In fact, if the question were asked for open balls, we would have $A_1=\{f \in X : \|f\|<1\}$ and $B_1=\{f \in X : \|f-h\|< 1\}$. It is easy to see that a linear functional $F$ separates open balls $A_1$ and $B_1$ if and only if it separates the corresponding closed balls $A$ and $B$ (the closure of the open balls).

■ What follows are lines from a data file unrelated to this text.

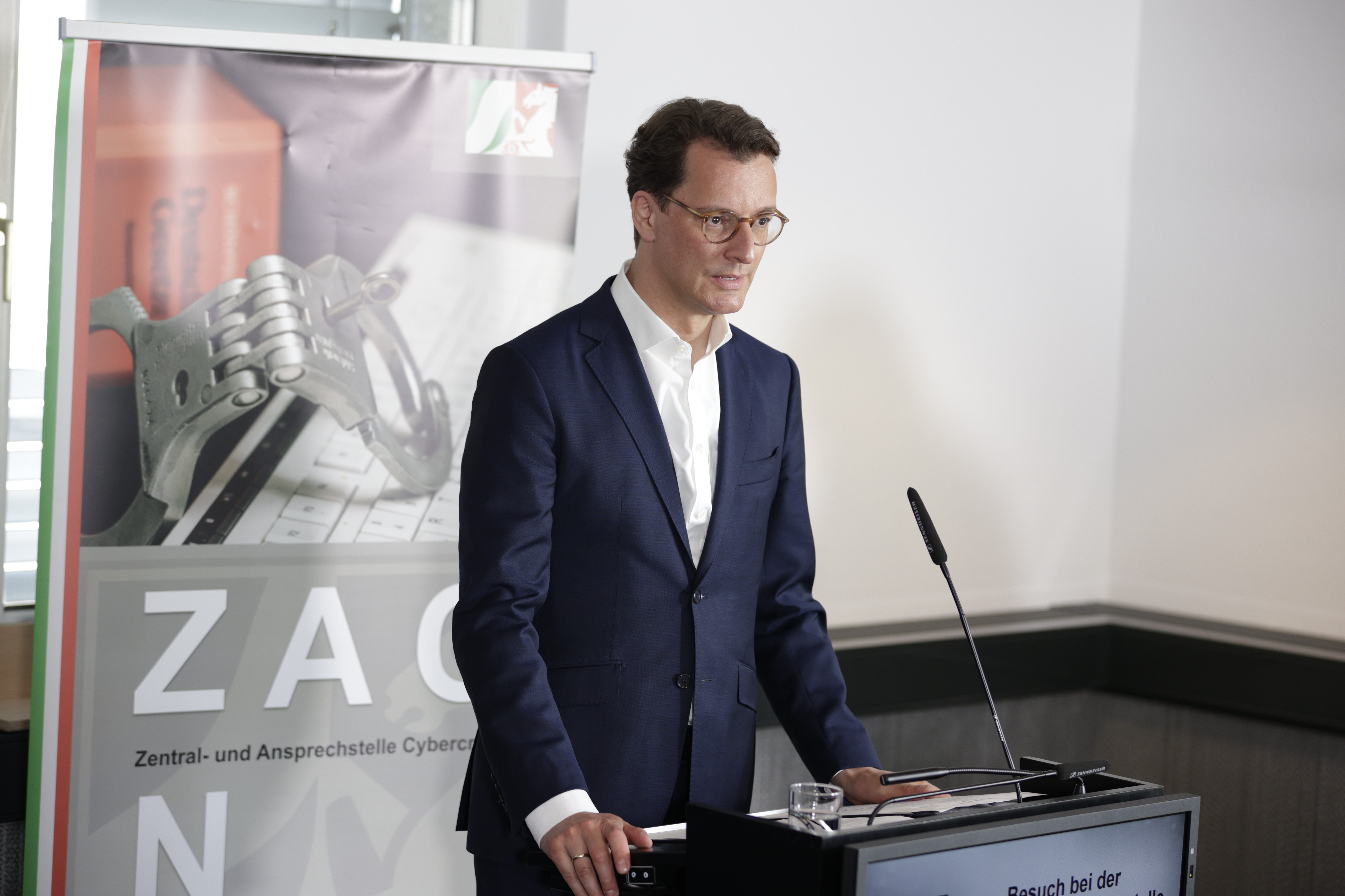 Ministerpräsident Hendrik Wüst dankt Staatsanwältinnen und Staatsanwälten für die innovative Arbeit im Bereich der Bekämpfung von Cyberkriminalität
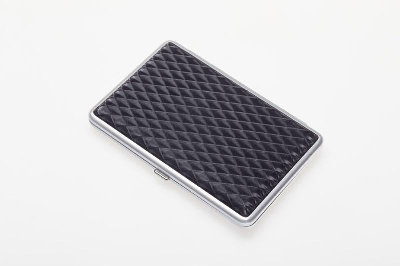 Портсигар S.Quire, сталь+искусственная кожа, черный цвет с рисунком, 74*95*18 мм
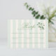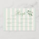 Cartão de resposta RSVP de casamento verde sage com listras verticais elegantes e um delicado acento floral de chinoiserie. Projetado para que os convidados aceitem ou recusem com alegria, selecionando sua escolha de refeição, este cartão de resposta adiciona charme refinado de jardim ao seu conjunto de convites coordenados. Perfeito para casamentos de primavera e verão com uma estética romântica de cottage inglês.

So the answer for item b would not change.
It is interesting to consider what happens for $a=\frac{2}{e}$. In this case, $A_1 \cap B_1 =\emptyset$ (because if $f\in A_1$, then $f(1) <1$ and if $f\in B_1$, $f(1)> ae-1= 2-1=1$ ). We could then think that there is a functional that separates $A_1$ and $B_1$. However, there is no such functional, because, as said above, a linear functional $F$ separates open balls $A_1$ and $B_1$ if and only if it separates the corresponding closed balls $A$ and $B$ (the closure of the open balls).
$\square$
Remark: Let us prove in detail that if $F$ must assign the same value all $f \in A \cap B$, then $g(t)=0$ for all $t\in [0,1)$.
Note that, by Riesz Representation Theorem, $g \in \text{NBV}[0,1]$, so $g$ is a bounded variation function, $g$ is right continuous and $g(0)=0$.
Now, for a contradiction, suppose there is a $t_0 \in (0,1)]$ such that $g(t_0) \ne 0$. Without loss of generality, suppose $g(t_0) > 0$. Since $g$ is right continuous, there is $t_1 >t_0$ such that $g(t)>0$ for $t \in (t_0,t_1)$. Let $\varepsilon <\frac{t_1-t_0}{2}$ and let $f_0 \in \mathcal{C}[0,1]$ such that
$f_0(t) \in [0, 2-ae^{t_1} ]$, for all $t\in [0,1]$
$f_0(t) = 0$ for $t \in [0,t_0] \cup [t_1, 1]$
$f_0(t)=2-ae^{t_1}$ for $t\in [t_0+\varepsilon , t_1-\varepsilon]$
Clearly $$F(f_0)= \int_0^1 f_0(t)dg > 0$$ But, it is easy to see that, for all $t \in [0, 1]$, $(ae^t - 1) \leq 1- f_0(t) \leq 1$. So, $1- f_0 \in A \cap B$. Since the constant function $1$ is also in $A\cap B$, we have $F( 1- f_0(t))= F(1)$. So, $$ F(f_0)= F(1 - (1- f_0(t))) = F(1) - F( 1- f_0(t)) =0$$ Contradiction. So we have $g(t)=0$ for all $t\in [0,1)$.